Pictures must not appear in the copy. Restate exactly the lines below from the one with "智通财经APP获悉,日经22" through the one with "Family and friends", inclusive.

-------- Data to use

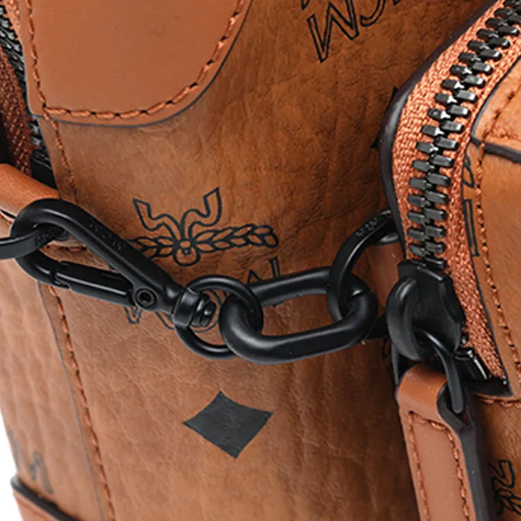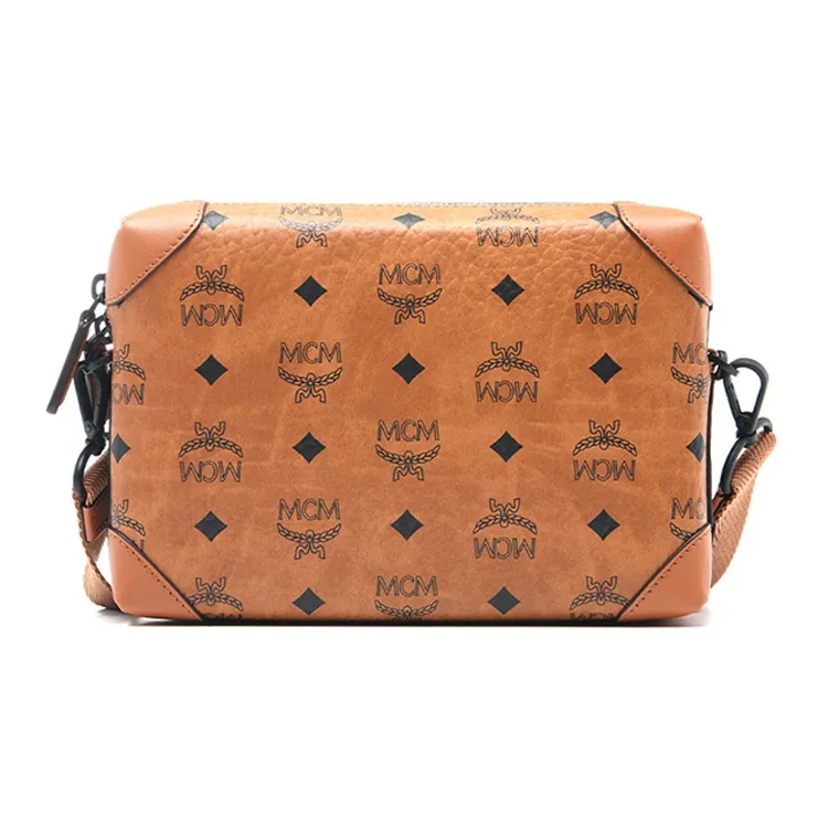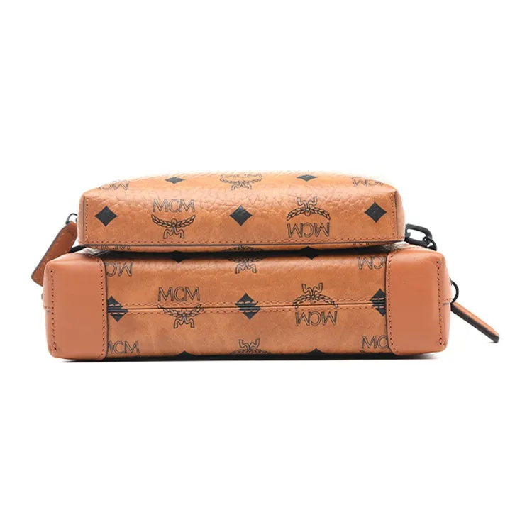 MCM Soft Berlin Visetos Кожаная отделка Сумка через плечо Маленькая Женская Коричневая Коньячная
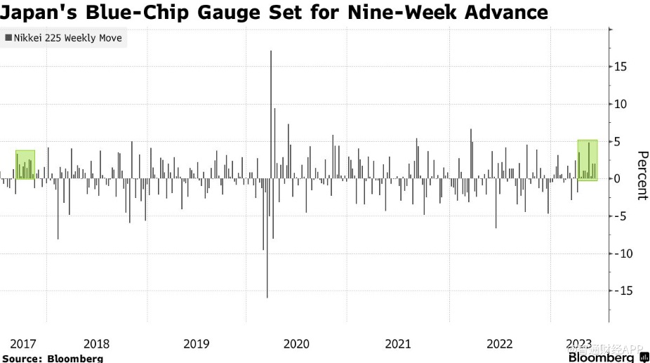 智通财经APP获悉,日经225指数势将连涨九周,这将是该指数逾五年以来最长的连续上涨记录。自6月2日以来,日经225指数上涨了近2%,将4月7日以来的涨幅扩大至17%,标普500指数周四进入牛市,为日本股市的上涨势头增添了动力。根据交易所的数据,外国投资者在5月份共购买了2.4万亿日元(172亿美元)的日本股票,这是自2013年4月以来最多的一次。
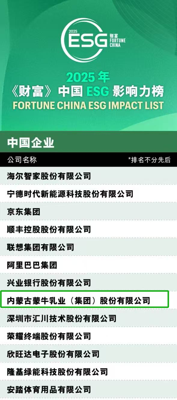 5月16日,《财富》中国ESG影响力榜正式揭晓,蒙牛集团凭借在环境、社会及公司治理(ESG)领域的卓越表现从近300家企业中脱颖而出,成为唯一上榜的中国乳制品企业。这一荣誉不仅是对蒙牛可持续发展战略的认可,更彰显了蒙牛以科技创新与全产业链责任实践应对全球挑战的坚定决心。
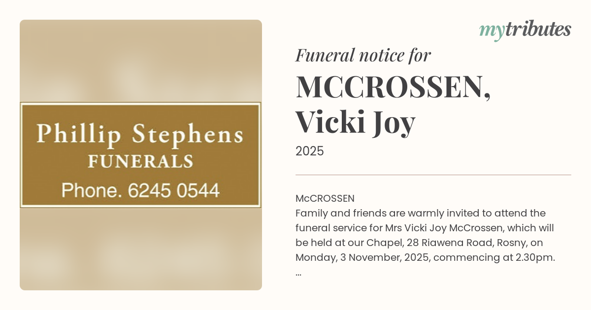 Family and friends are warmly invited to attend the funeral service for Mrs Vicki Joy McCrossen, which will be held at our Chapel, 28 Riawena Road, Rosny, on Monday, 3 November, 2025, commencing at 2.30pm.
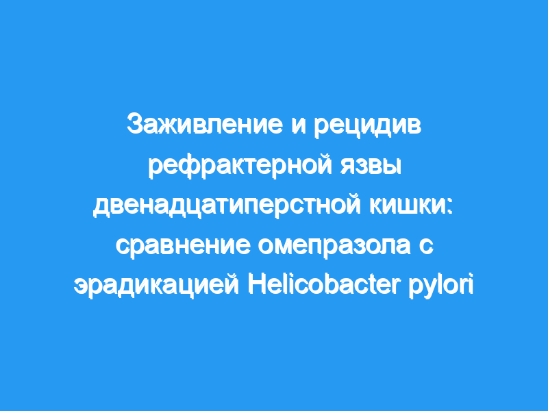 Изучить различия между омепразолом и эрадикацией Helicobacter pylori у пациентов с язвами двенадцатиперстной кишки, рефрактерными к антагонистам Н2-рецепторов, и сравнить частоту рецидивов после двух методов лечения. Дизайн и методы: Сорок пять пациентов с эндоскопически подтвержденной язвой двенадцатиперстной кишки, рефрактерной к антагонистам Н2-рецепторов, и инфекцией H. pylori были рандомизированы на 8 недель лечения омепразолом в дозе 40 мг/сут или 4 недели лечения коллоидным субцитратом висмута в дозе 480 мг/сут плюс метронидазол 750 мг/сут и тетрациклин 1000 мг/день с 1-го по 14-й день. Пациенты были обследованы эндоскопически и клинически в конце лечения. Пациенты с зажившими язвами наблюдались в течение 1 года после прекращения лечения. Эндоскопия была проведена через 3 и 12 месяцев.
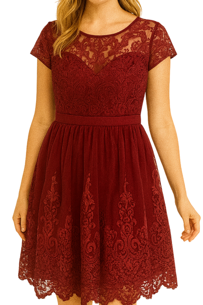 El Ruby Elegance Lace Dress combina el encanto del encaje con una silueta clásica y femenina. Su parte superior presenta un delicado encaje con transparencias sutiles que aportan un toque sofisticado, mientras que la falda de tul bordado añade volumen ligero y movimiento elegante. El tono rubí hace que este vestido sea ideal para eventos formales, cenas especiales o celebraciones donde quieras destacar con un look refinado, romántico y atemporal.
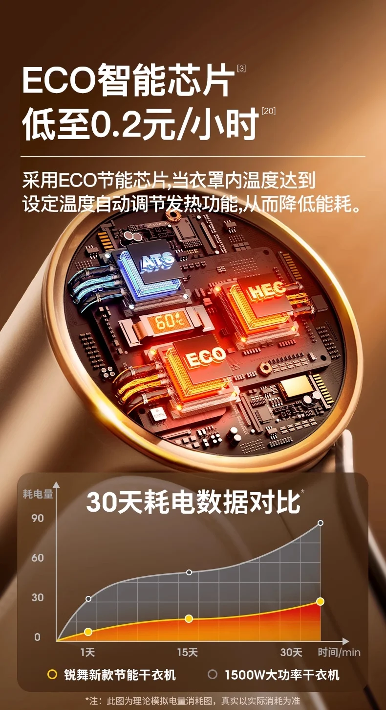 ranvoo 220V مجفف محمول تجفيف الملابس المنزلية مجفف صغير
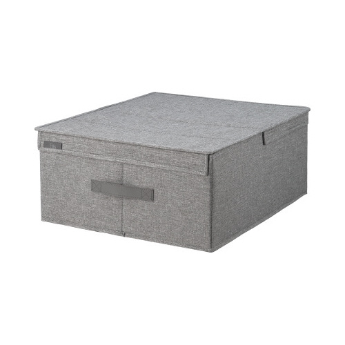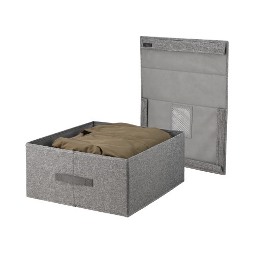 フタを全部取らずに中身が確認できる。フタ裏に防虫剤を入れられるポケット付き。幅44cmのフィッツケースの上に乗せられるサイズ。しっかりした芯材入りで型崩れしにくい。
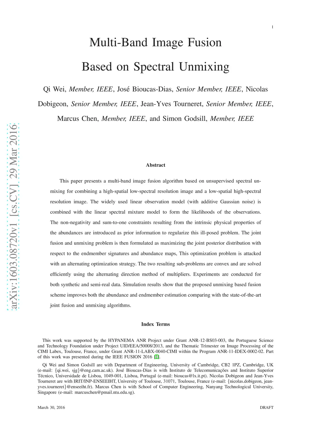 Multi-Band Image Fusion Based on Spectral Unmixing

----------------

Exercise answer:
 智通财经APP获悉,日经225指数势将连涨九周,这将是该指数逾五年以来最长的连续上涨记录。自6月2日以来,日经225指数上涨了近2%,将4月7日以来的涨幅扩大至17%,标普500指数周四进入牛市,为日本股市的上涨势头增添了动力。根据交易所的数据,外国投资者在5月份共购买了2.4万亿日元(172亿美元)的日本股票,这是自2013年4月以来最多的一次。
 5月16日,《财富》中国ESG影响力榜正式揭晓,蒙牛集团凭借在环境、社会及公司治理(ESG)领域的卓越表现从近300家企业中脱颖而出,成为唯一上榜的中国乳制品企业。这一荣誉不仅是对蒙牛可持续发展战略的认可,更彰显了蒙牛以科技创新与全产业链责任实践应对全球挑战的坚定决心。
 Family and friends are warmly invited to attend the funeral service for Mrs Vicki Joy McCrossen, which will be held at our Chapel, 28 Riawena Road, Rosny, on Monday, 3 November, 2025, commencing at 2.30pm.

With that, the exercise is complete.